[GODRIVER-2944] Support CSOT spec timeoutMode for non-tailable cursors Created: 14/Aug/23 Updated: 26/Sep/23 |
|
| Status: | Scheduled |
| Project: | Go Driver |
| Component/s: | None |
| Affects Version/s: | None |
| Fix Version/s: | None |
| Type: | Task | Priority: | Major - P3 |
| Reporter: | Rohan Sharan | Assignee: | Steve Silvester |
| Resolution: | Unresolved | Votes: | 0 |
| Labels: | None | ||
| Remaining Estimate: | Not Specified | ||
| Time Spent: | Not Specified | ||
| Original Estimate: | Not Specified | ||
| Issue Links: |
|
||||||||||||||||
| Description |
|
The CSOT spec mentions a timeoutMode option on non-tailable cursors that makes it so that the timeout is not set cumulatively on all operations resulting from something like a Find, but instead individually on each initial operation and the follow up getMore commands: https://github.com/mongodb/specifications/blob/master/source/client-side-operations-timeout/client-side-operations-timeout.rst#non-tailable-cursor-behavior
Mongosync had a problem with this in HELP-47315, where it set the timeout to 5 minutes by default, which was too short for the whole Find operation (including the getMore commands) to finish.

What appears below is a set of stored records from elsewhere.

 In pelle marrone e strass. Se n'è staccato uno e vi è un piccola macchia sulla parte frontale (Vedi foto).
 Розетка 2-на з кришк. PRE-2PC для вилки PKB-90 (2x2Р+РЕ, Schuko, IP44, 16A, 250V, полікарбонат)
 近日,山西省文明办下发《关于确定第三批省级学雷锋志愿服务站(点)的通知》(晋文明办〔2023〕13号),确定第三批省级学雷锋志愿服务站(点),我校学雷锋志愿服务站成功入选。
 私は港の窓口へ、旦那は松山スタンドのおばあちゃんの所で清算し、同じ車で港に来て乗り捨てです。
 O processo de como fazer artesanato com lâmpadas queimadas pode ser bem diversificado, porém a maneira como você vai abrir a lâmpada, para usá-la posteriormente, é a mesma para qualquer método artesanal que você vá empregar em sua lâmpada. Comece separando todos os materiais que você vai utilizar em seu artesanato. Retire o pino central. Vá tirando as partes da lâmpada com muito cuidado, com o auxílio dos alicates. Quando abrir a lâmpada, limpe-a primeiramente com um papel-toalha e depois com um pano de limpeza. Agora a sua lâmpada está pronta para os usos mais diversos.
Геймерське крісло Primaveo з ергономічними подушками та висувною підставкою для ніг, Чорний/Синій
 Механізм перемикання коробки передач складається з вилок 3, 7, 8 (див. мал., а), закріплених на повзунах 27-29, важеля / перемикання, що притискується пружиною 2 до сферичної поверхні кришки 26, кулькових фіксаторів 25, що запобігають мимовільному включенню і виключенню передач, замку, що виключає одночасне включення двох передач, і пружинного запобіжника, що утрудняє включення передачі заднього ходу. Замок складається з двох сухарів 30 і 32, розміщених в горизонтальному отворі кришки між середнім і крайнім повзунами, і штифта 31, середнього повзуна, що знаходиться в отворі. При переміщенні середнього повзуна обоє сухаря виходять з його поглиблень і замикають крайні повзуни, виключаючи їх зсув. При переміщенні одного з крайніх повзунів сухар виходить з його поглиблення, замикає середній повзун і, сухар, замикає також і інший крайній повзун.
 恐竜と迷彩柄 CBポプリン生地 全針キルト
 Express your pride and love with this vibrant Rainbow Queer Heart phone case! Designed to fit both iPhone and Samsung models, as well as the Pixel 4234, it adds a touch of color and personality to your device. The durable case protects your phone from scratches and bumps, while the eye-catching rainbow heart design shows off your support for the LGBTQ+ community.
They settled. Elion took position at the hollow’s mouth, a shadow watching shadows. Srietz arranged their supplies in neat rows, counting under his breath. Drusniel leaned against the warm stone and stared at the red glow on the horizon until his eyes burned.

The TAR team currently has REP-3079 filed to mitigate the issue, but adhering to the CSOT spec would be preferable. The failing log in the mongod server logs is the following:
|
| Comments |
| Comment by Matt Dale [ 13/Sep/23 ] |
|
Created DRIVERS-2722 to recommend amending the CSOT spec. |
| Comment by Steve Silvester [ 12/Sep/23 ] |
|
We don't yet have a drivers ticket. A related ticket is |
| Comment by Tim Fogarty [ 07/Sep/23 ] |
|
Thank you for looking into this matt.dale@mongodb.com. We have been forced to implement a messy and imperfect workaround (REP-3079) in mongosync because we cannot set timeoutMode=ITERATION. I would love for us to remove the imperfect workaround asap. So just want to get an idea of what the next steps are here and what you think the ETA might be for this? |
| Comment by Matt Dale [ 06/Sep/23 ] |
|
Answering questions:
No. We'd only be avoiding the most detectable cases of inconsistencies between maxTimeMS applied on a find/aggregate and an operation timeout applied on a getMore, but there are all sorts of other timing conditions that could lead to confusion that we couldn't easily detect. Instead, it makes more sense to not default to using timeoutMS to limit cursor lifetimes.
Yes.
Documenting it would reduce confusion, but users need some way to not implicitly set a cursor lifetime. Currently it doesn't seem like there's a way to avoid setting a cursor lifetime when performing a find/aggregate without implementing timeoutMode or changing the default behavior. |
| Comment by Preston Vasquez [ 31/Aug/23 ] |
|
Notes from sync:
|
| Comment by Preston Vasquez [ 30/Aug/23 ] |
|
steve.silvester@mongodb.com shane.harvey@mongodb.com My understanding of why the Go Driver did not implement timeoutMode was because we could rely on contexts to time out cursor iterations, as with Python. However, Rohan brings up a good point here in that the operations will cumulatively share a timeout set on the client. Here is a gist written in go that illustrates this problem: https://gist.github.com/prestonvasquez/24f073cf8e4a0ffbe8f1dbc738a6aa6c Should we make timeoutMode a drivers-wide requirement instead of optional? |
| Comment by Preston Vasquez [ 30/Aug/23 ] |
|
rohan.sharan@mongodb.com ah I see. I am going to put this ticket back into triage to (1) sync with python, as they have a similar implementation, and (2) if this is something the Go Driver team has the bandwidth to address. |
| Comment by Rohan Sharan [ 30/Aug/23 ] |
|
preston.vasquez@mongodb.com The timeout that we're trying to protect against is the following: maxTimeMS is cumulative time that the server spends processing the original operation as well as any following getMore commands (not including the time in between getMore command processing) That means that we're not talking about timeouts on the client side, but on the server side. As far as I can tell, your example is sleeping on the client side, so the server probably is able to process all events within 100ms. |
| Comment by Preston Vasquez [ 29/Aug/23 ] |
|
rohan.sharan@mongodb.com This example to help illustrate how the client’s timeout shouldn’t effect additional “getMore” requests: https://gist.github.com/prestonvasquez/2b745e8c9de91c94e90ac18d235f1ef5 Does this resemble your use case? |